It’s a little bit crazy to think how time goes by. This pregnancy feels as if it has flown by, but at the same time, if I look back, I’m amazed by how long its really been. 31 weeks is almost over. 32 weeks is just around the corner. I started making my hospital check list today and putting together some the post birth baby things I might need. I know it’s a bit early, but I really wouldn’t be surprised if she makes her entrance into this world sooner rather than later. I would really prefer if she gives me another 3 to 4 weeks (at the very least). I can’t move into my little home for another week and I’m going to want to organize the crap out of it and have everything ready for her.

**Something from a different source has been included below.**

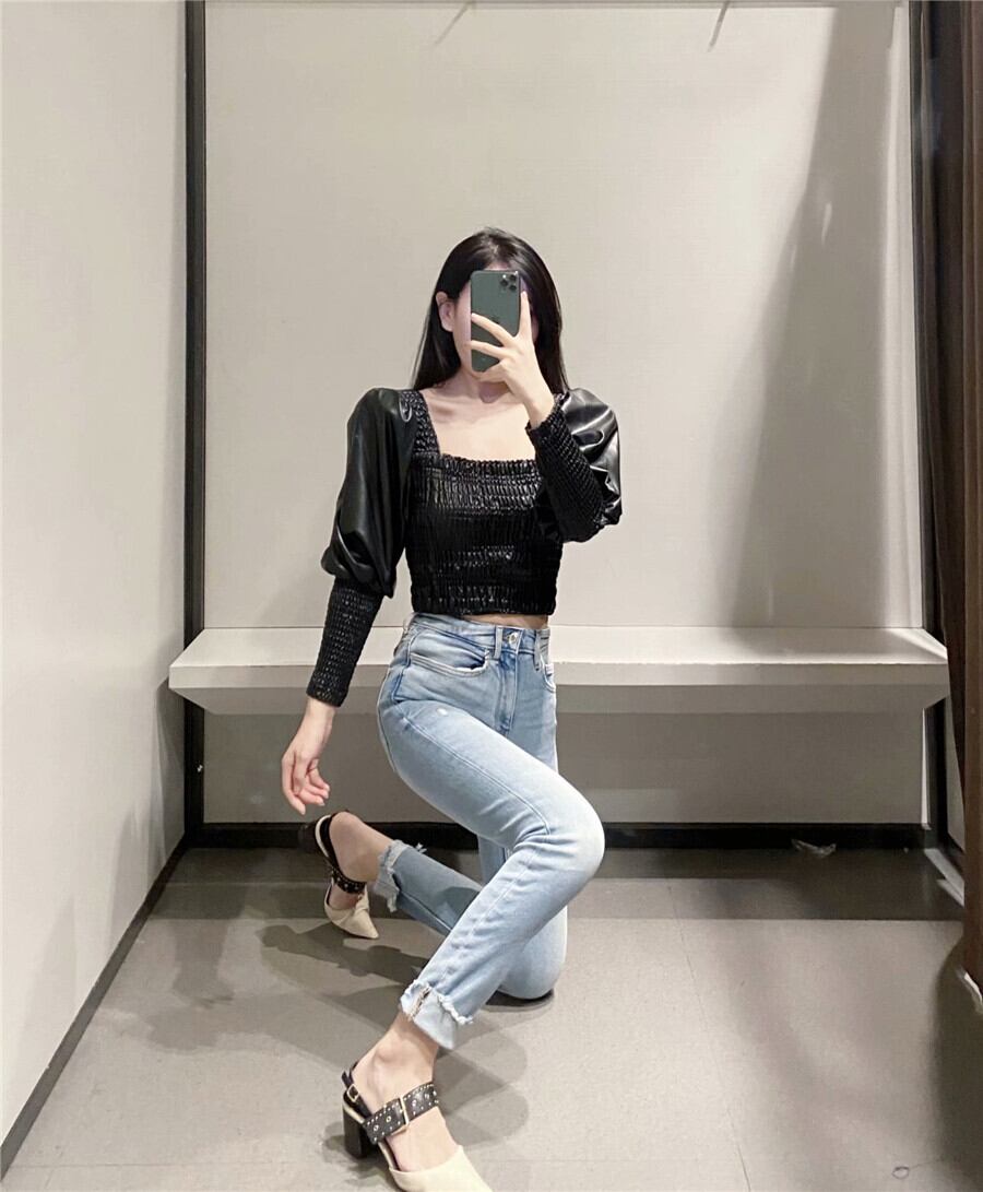 Ω ブラックカラーブラウス レザースリーブシャツ スクウェア Ω アイドル ジャケット ブルゾン Tシャツ 長袖 半袖 デニム ジーンズ スーツ ZARA フォーエバー21 GAP H&M WEGO HONEYS MUJI GU UNIQLO dholic babyGAP FOREVER21 Old Navy 春夏秋冬 韓国 K-POP Kpop 韓流 スター 25A31013589941

Sometimes I get asked if I’m doing a kick count throughout the day. I always laugh. She moves so much it is ridiculously out of hand. I would have to count non movement time over kick time. I wonder if other people poke at their babies as much as I do. I also think about the fact that in a few weeks she will be out in the world and she will feel happy, annoyed, hungry, cold, hot, or sleepy. Shes going to show all these emotions through tears, screaming, little smiles, and so much more. I wonder if she can feel any of those things now. I wonder if when i press down on her or poke her little butt if she’s wondering “what is this now?”.
I am without a doubt going to take it easy this week. Maybe if I stop rushing she will too.